One more time, is what I keep saying, but not in that negative way, more like the way you would say about your favorite roller coaster, let's go "one more time!"  Think about it a minute, as scary and terrifying as the anticipation, the ride can be, you had a blast with every up and down and every twist and turn.  That is life in a nut shell, and you can choose to go through it, screaming and terrified, coming off it with the attitude of I hated it, I hate you, I hate everything, and now you owe me for making me go through it, or you can choose to take it second by second, and at the end say, well that wasn't so bad, bring it!  Then there is that person that just keeps riding and doesn't get off, that you then start to say, with less enthusiasm, oh goody one more time, really?

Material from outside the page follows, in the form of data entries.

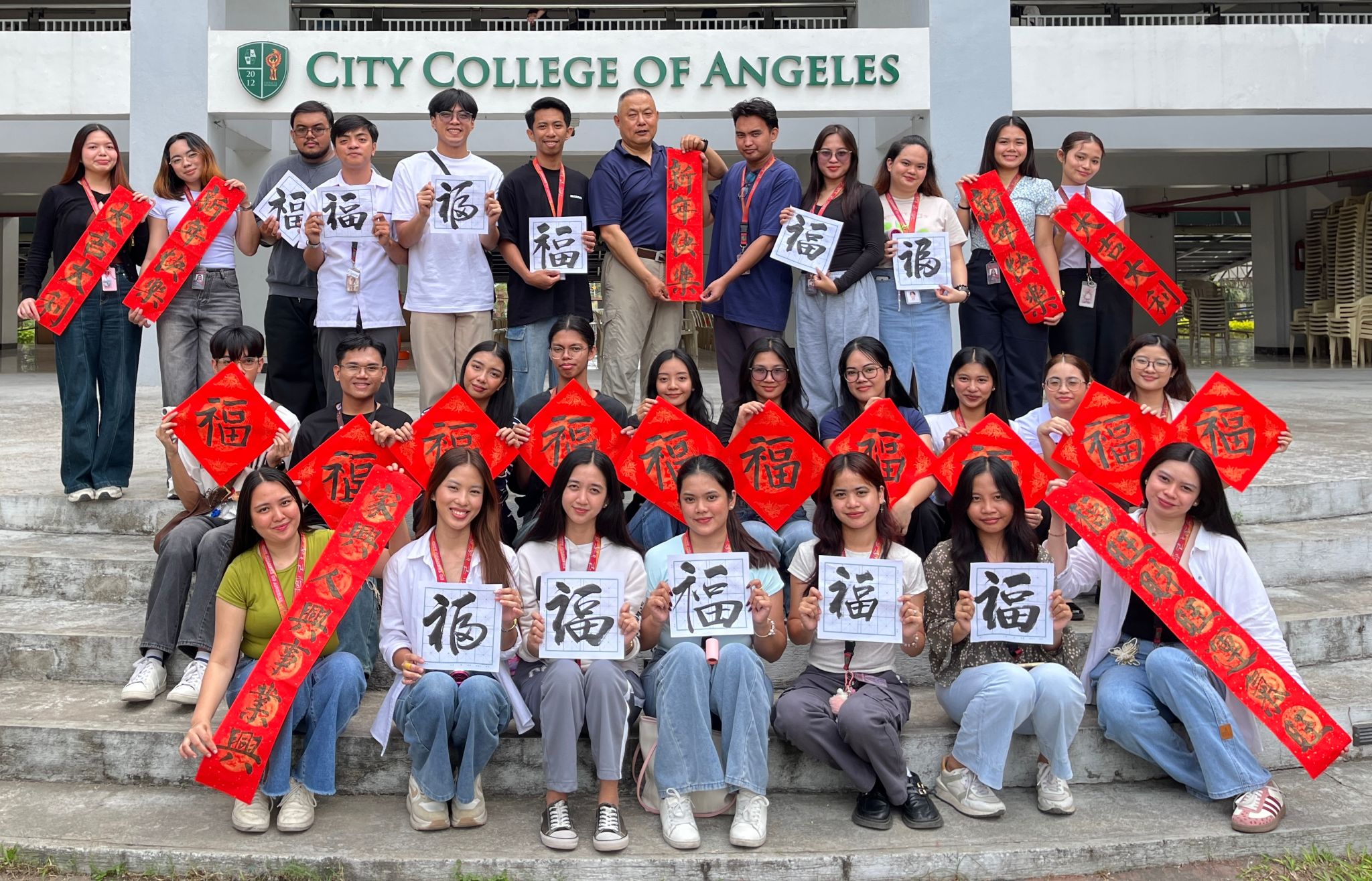 活动最后,学生们手捧着墨迹未干的“福”字、大红春联及新年条幅,齐聚安吉利斯城市学院小广场前合影留念,定格这一文化交融的美好瞬间。热闹的现场吸引了众多过往师生驻足围观。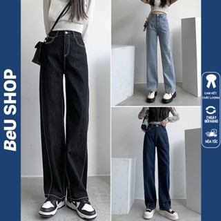 Quần Jeans Nữ Ống Xuông Cạp Cao Chỉ Nổi BeU Quần Ống Rộng Chì Màu Hottrend Dễ Phối Đồ Siêu Hack Dáng BeU Shop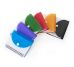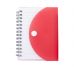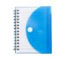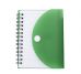 Bloco de anotações plástico com capa colorida e botão, possui espiral preto e parte interna transparente. Tem aproximadamente 66 folhas.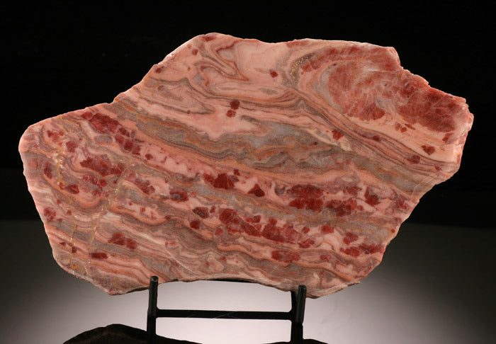 Kona Dolomite is an ancient rock made up of fossil stromatolite (1.2-2.2 billion years old). It is only found in the Kona Hills, south of Marquette County in Michigan, USA. Kona Dolomite is often pink with black and brown banding, although it can also come in red, orange, yellow, and neutral tones.

I'll meet you later.  Of course cancer is a very serious thing, and it is very scary to think this thing could take your life, and change your life, but I ask you, WHAT the hell doesn't!!!  It is all a mind set, and it is the mind games that are the toughest to handle and work through.

I had my 4th, and hopefully last surgery Tuesday July 22nd.  And for some reason this one was scaring me me more than any of the others.  I could not put my finger on why, and the only one I truly admitted it to, until now, was Rick.  So for the week that I had to prepare for the surgery, I started the mind prep.  TV, movies, had to all be mindless, and funny, romantic, feel good kind of movies, no news, or drama. (insert stereotypical blond joke here, hahaha) Music had to groove and be up beat ready to dance to, cause I knew it would be awhile before I could dance after surgery.

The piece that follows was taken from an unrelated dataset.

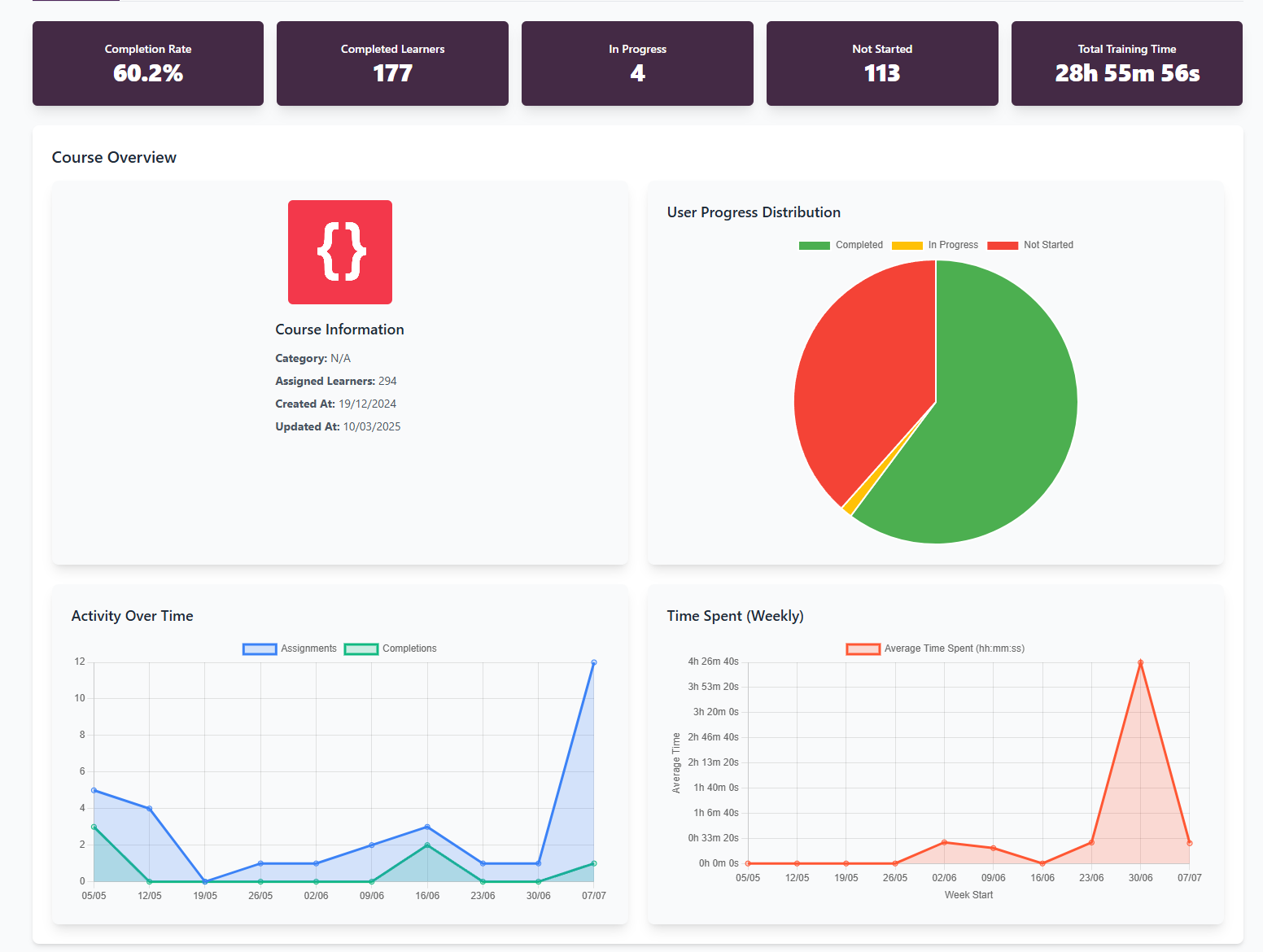 You can generate detailed reports instantly, showing completion rates, certificates, and proof of compliance for regulators or internal audits.

 I keep struggling with the "one more time" part of my journey.  I keep looking at others who have had to go though what I have (at least that is the way I see it, from my view), and they seem fine.  Why am I still, after a year of chemo, still so weak!  I have the mind set of looking at books and judging them by their cover, and if the cover looks great, then the inside must be great.  God has shown me that not everything, in fact nothing, is as it appears.  No one but the individual themself really knows what is going inside.  In fact as I look at it, no one really knew what was going on in my mind until I tell them.  Know it is true, that those close to you may suspect something, but until you open up and let them know, it is all speculation, case and point, Dexter!

This time I didn't let many people know about my surgery, because the longer I continue on this journey, it makes me think/feel that people just want to scream, "ONE more time, really?"  It is the "really" part, that can mess up your mind.  Really, your still not back to work.  Really your sick again.  Really your tired again.  Really surgery again.  Really, Really Really......Even when that is not true, that is how you start to feel, the longer something continues.

Tuesday came, and off we went again. By the time we headed out I wasn't as scared.  I was more at peace, finding life funny again, and I was looking forward to that wonderful cocktail they give you before surgery! Surgery started about 2:15pm and Rick said I was in there about a little over an hour.  Recovery was where I seem to have issues.  I was there about 2 hours before they even let Rick back.  I was not wanting to wake up, and the pain was excruciating and they were having trouble getting it down lower than a 10.  Plus everything they gave me made me itch horribly all over.  Pain meds have a tendency to do that to me, so I think they should just pump wine into me!  It helps the pain, and I don't itch from it, problem solved! They were able to get the pain down to an 8, and the itching calmed with Benadryl, and I didn't have hives all over, like I did from Morphine at surgery number 1.  So I got them to let me go home, because they said they couldn't give me anymore pain meds.  They had loaded me up!  We got home about 7pm.  This has been a tough one to recover from.  I think some of it has to do with the fact that my body, and immune system has been fighting so long that it is just not able to do it as fast.

So here I am 9 days out of surgery. I have gone from a Mack Truck hitting me to, a bus, to a short bus with padding of course, to being just hit in the side with a baseball bat.  So see, I am improving!  I have even made it out of the house twice, one for a follow up visit with my plastic surgeon, and one to sit at my daughters house and tell her how to arrange her furniture for about 2 hours.  She asked, I did not just tell her what to do, hahahaha!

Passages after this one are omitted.